The Q Centre
- Interactive map of The Q Centre
- Former names: Bear Mountain Arena (2004–2014)
- Location: Colwood, British Columbia, Canada
- Operator: West Shore Parks & Recreation
- Capacity: 2,780 (box lacrosse, curling, ice hockey)

Construction
- Opened: 2004

Tenants
- Victoria Grizzlies (BCHL) (2004–present) Victoria Salmon Kings (ECHL) (2004–2005) Victoria Shamrocks (WLA) (2004–present) Victoria Sr. B Shamrocks (WCSLA) (2022–present) Westshore Wolves (VIJHL) (2012–present) Westshore Bears (PNWJLL) (2007–present)

= The Q Centre =

Arena in Colwood, British Columbia, Canada

The Q Centre (formerly Bear Mountain Arena) is in Colwood, British Columbia, Canada. In 2014, the arena was named "The Q Centre" after local radio station CKKQ-FM. The arena opened in February 2004, has 2,300 seats and houses year-round events for hockey and lacrosse. With an additional floor capacity of 860 people and standing room area for up to 480, this premier spectator facility can hold any type of event, from trade shows to major sporting and entertainment events.

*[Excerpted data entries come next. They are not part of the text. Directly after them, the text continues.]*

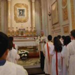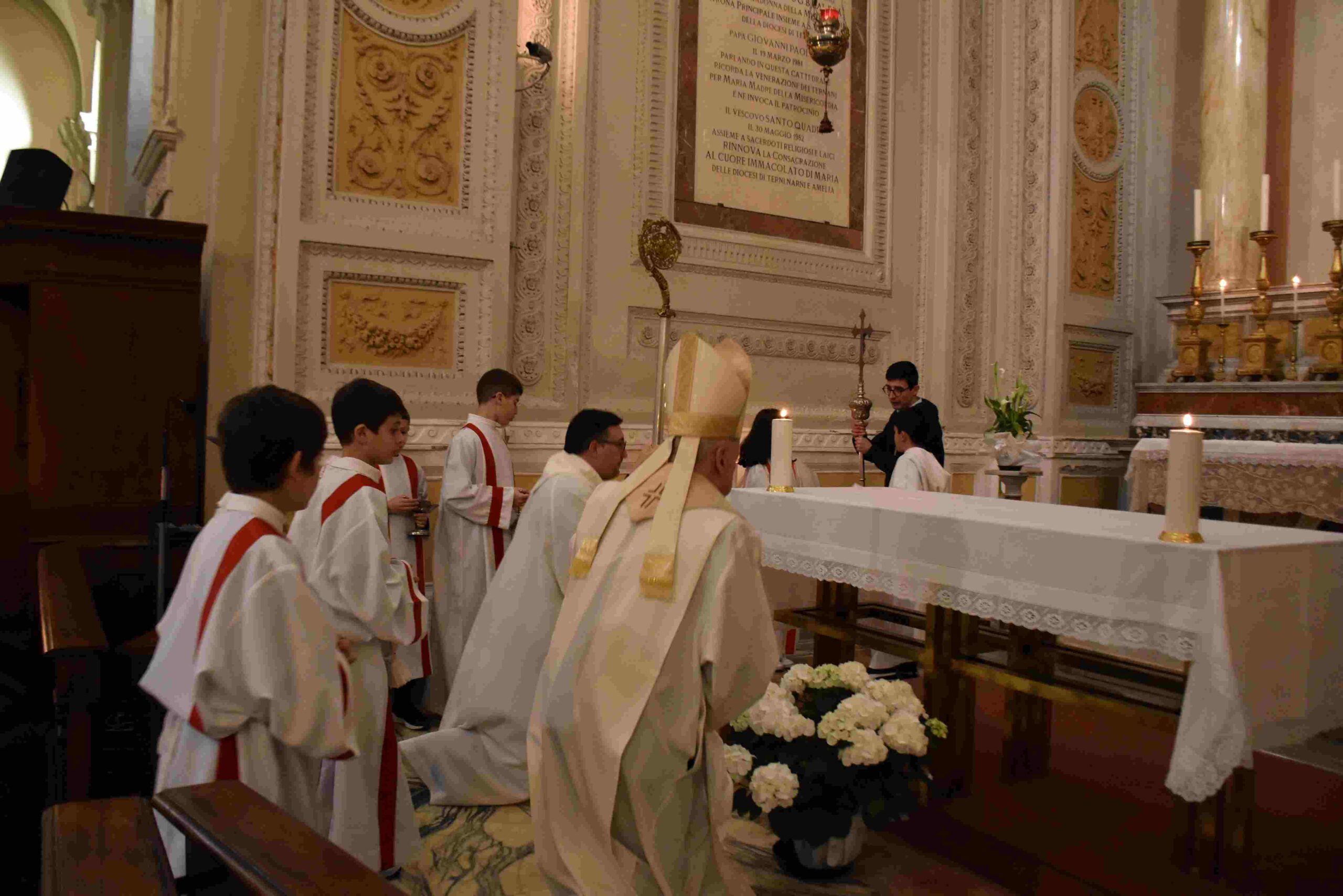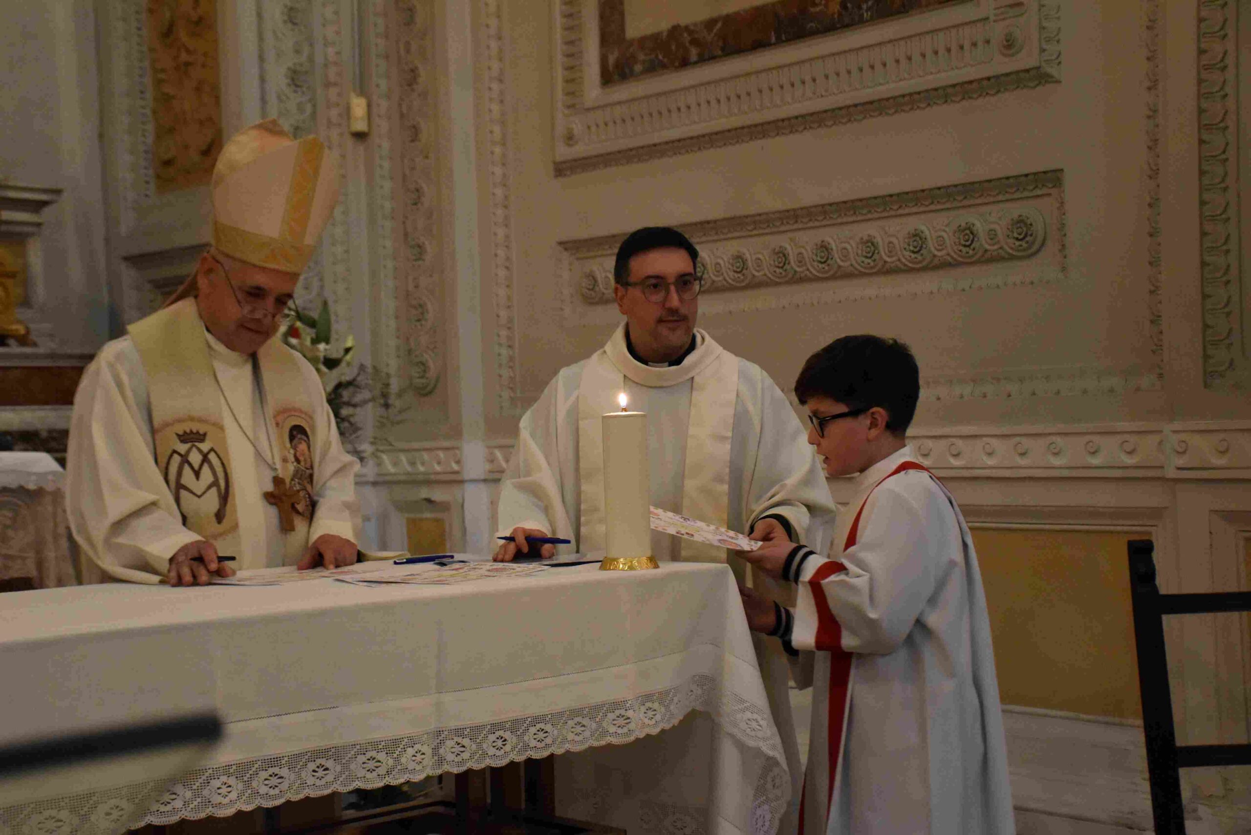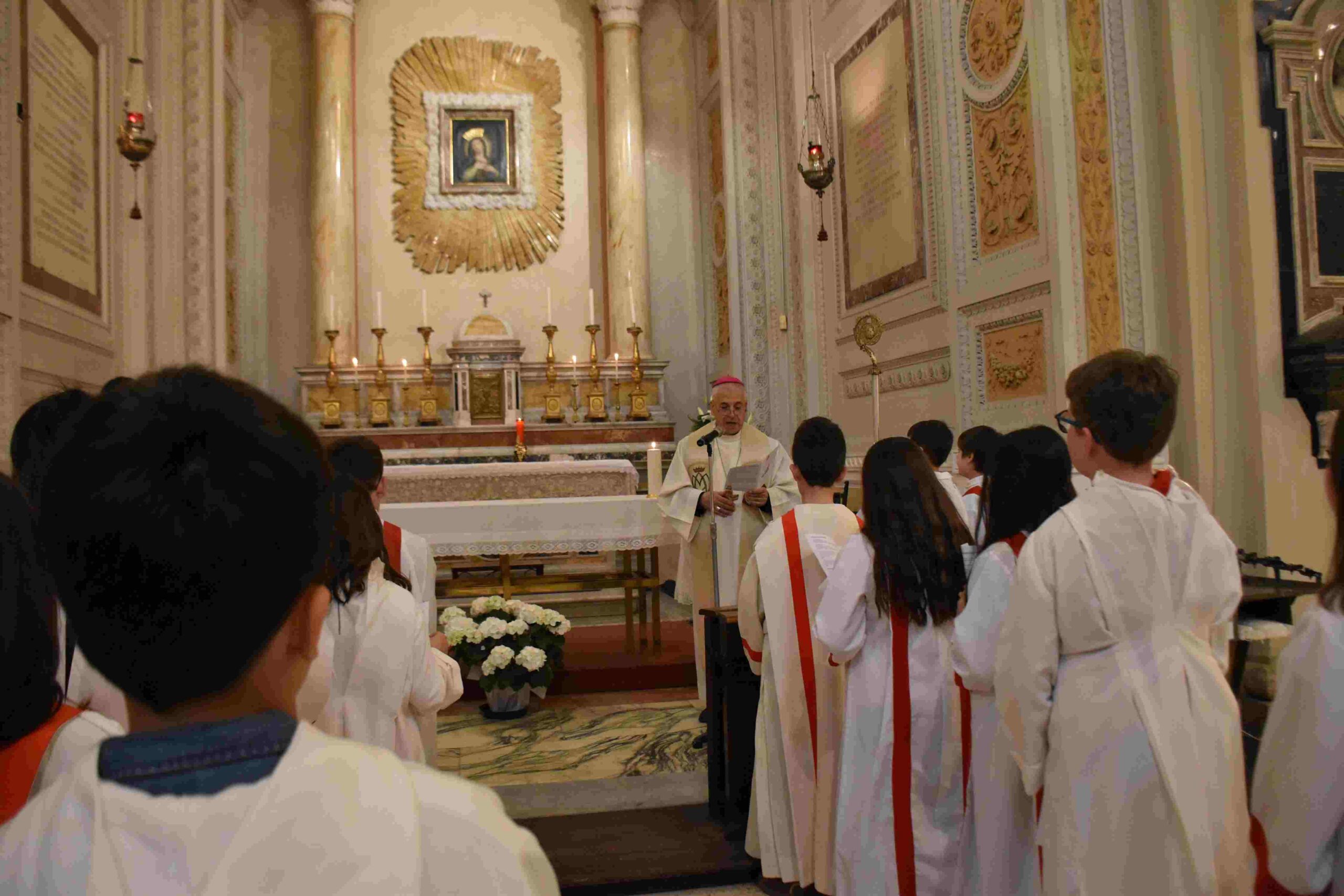 Don Enrico D’Urso, don Thiago e i seminaristi Matteo Bergonzini e Mariano De Persio hanno spiegato ai ragazzi i servizi che svolgono i ministranti, gli oggetti sacri, i luoghi delle liturgie e le persone che celebrano in particolare nelle liturgie del vescovo. Al termine c’è stata la preghiera con il vescovo Soddu nella cappella della Madonna della Misericordia, con tutti i ministranti che hanno prestato i vari servizi e ai quali è stato cpnferito il mandato e consegnato l’attestato di partecipazione.
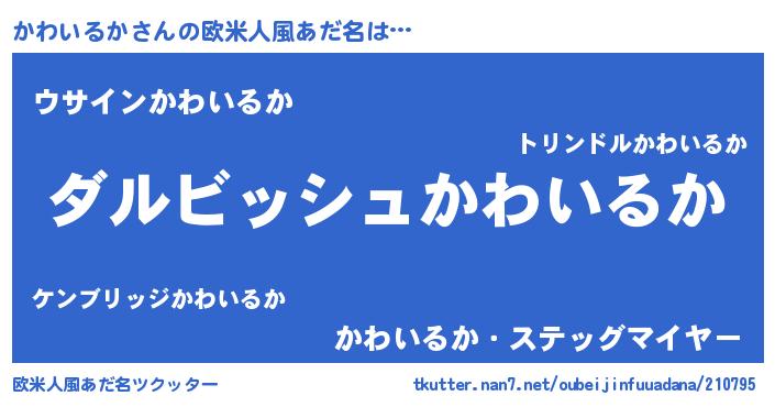 | 女子向けラノベタイトル風あだ名 | 『異世界で失敗しない100のかわいるか』 |
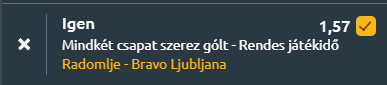 - Radomljéban forró hangulatú összecsapás várható, ahol a tabella középmezőnyének két csapata próbálja meg bebiztosítani helyét az élboly mögött. A mérkőzés esélyei kiegyenlítettek, de a számok alapján a Bravo felé billen a mérleg. A Radomlje az utóbbi öt meccsén egy győzelmet, egy vereséget és három döntetlent játszott, miközben 1,8 gólt szerzett és 2,0-t kapott. A Bravo két győzelemmel és három vereséggel érkezik, átlagban 1,0 gólt lő és 1,6-ot kap. A tabellán mindössze egy hely választja el őket: a Radomlje a 6., a Bravo az 5. pozíciót foglalja el. A szezon egészét nézve a hazaiak 9 győzelemnél, 8 vereségnél és 6 döntetlennél tartanak, 1,52-es gólátlaggal és 1,74-es kapott gólátlaggal. A Bravo 10 győzelmet, 10 vereséget és 4 döntetlent jegyez, 1,71-es rúgott és 1,75-ös kapott gólátlaggal. A legutóbbi meccseik is árulkodók: a Radomlje 2–2-t játszott Dekanival, míg a Bravo 1–0-ra verte Celjét. A közös múlt sem egyértelmű: az utolsó öt egymás elleni találkozón két-két győzelem és egy döntetlen született. A számok és a formák alapján a Bravo minimális előnyben van, de a Radomlje hazai pályán bármikor képes meglepetést okozni, így egy kiélezett, nyílt mérkőzés várható. Mindkét csapattól azért várható gól, mert mindkét oldalon magas a rúgott gólátlag, miközben a védekezés mindkét csapatnál sebezhető.
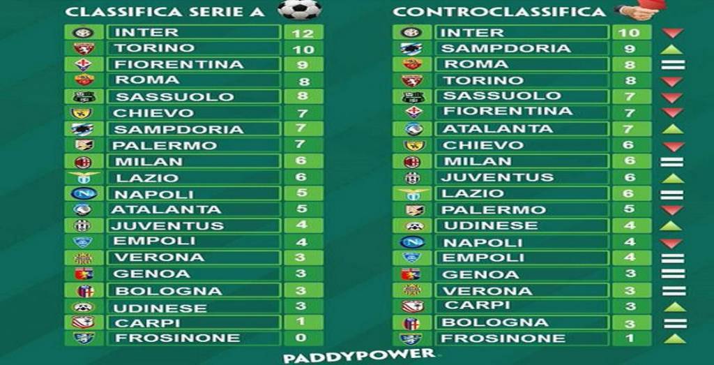 Paddy Power ha pubblicato la propria ‘controclassifica‘, la classifica senza errori arbitrali di Serie A. In testa troviamo sempre l’Inter che però avrebbe due punti in meno rispetto ai dodici conquistati fino ad ora. Al secondo posto, invece del Torino, troviamo la Sampdoria, una delle squadre più penalizzate del torneo fino ad ora. Sorriderebbe di più anche il Frosinone, che potrebbe vantare un punto rispetto allo zero totalizzato fino ad ora.
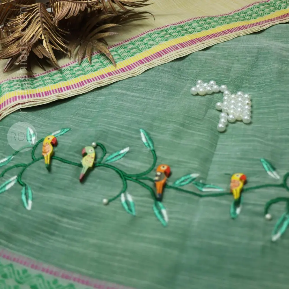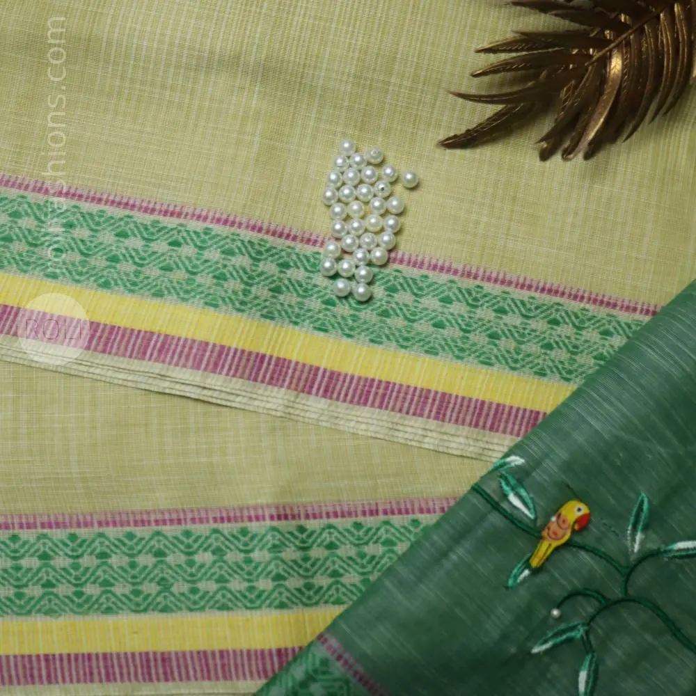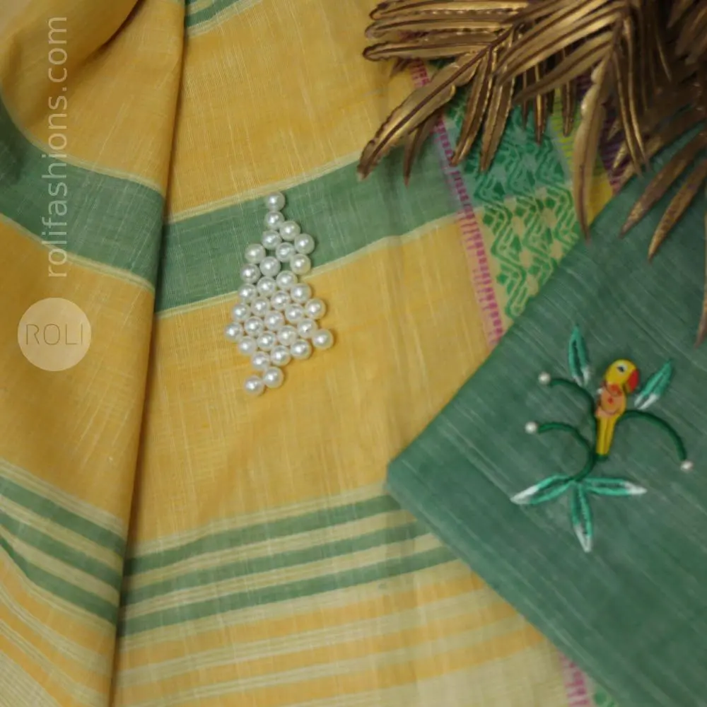 Mivak cotton sarees paired with an embroidered blouse offer a fusion of traditional grace and modern allure. The lightweight cotton fabric drapes beautifully, while the intricate embroidery on the blouse adds a touch of sophistication. This ensemble embodies timeless elegance, perfect for various occasions with a hint of cultural charm. - Mustard and Grass Green

The arena is hockey home of the BCHL Victoria Grizzlies. It was the home of the Victoria Salmon Kings for the 2004–05 ECHL season while their future home, the Save-On-Foods Memorial Centre was being built. In the summer months The Q serves as home to the WLA Victoria Shamrocks, Victoria Sr. B Shamrocks of the West Coast Senior Lacrosse Association and Westshore Bears of the Pacific Northwest Junior Lacrosse League. The venue has also hosted BCLA provincial box lacrosse championships.

The venue has hosted one of the biggest World Curling Tour events, the Bear Mountain Arena Curling Classic, annually since 2006. It also played host to the training camps of the Vancouver Canucks in September 2007 and the Tampa Bay Lightning in 2008.

The Q Centre was awarded an NHL pre-season game between the Vancouver Canucks vs San Jose Sharks. This occurred after the Panorama Recreation Centre, in North Saanich, home of the Peninsula Panthers won the 2015 Kraft Hockeyville Grand Prize.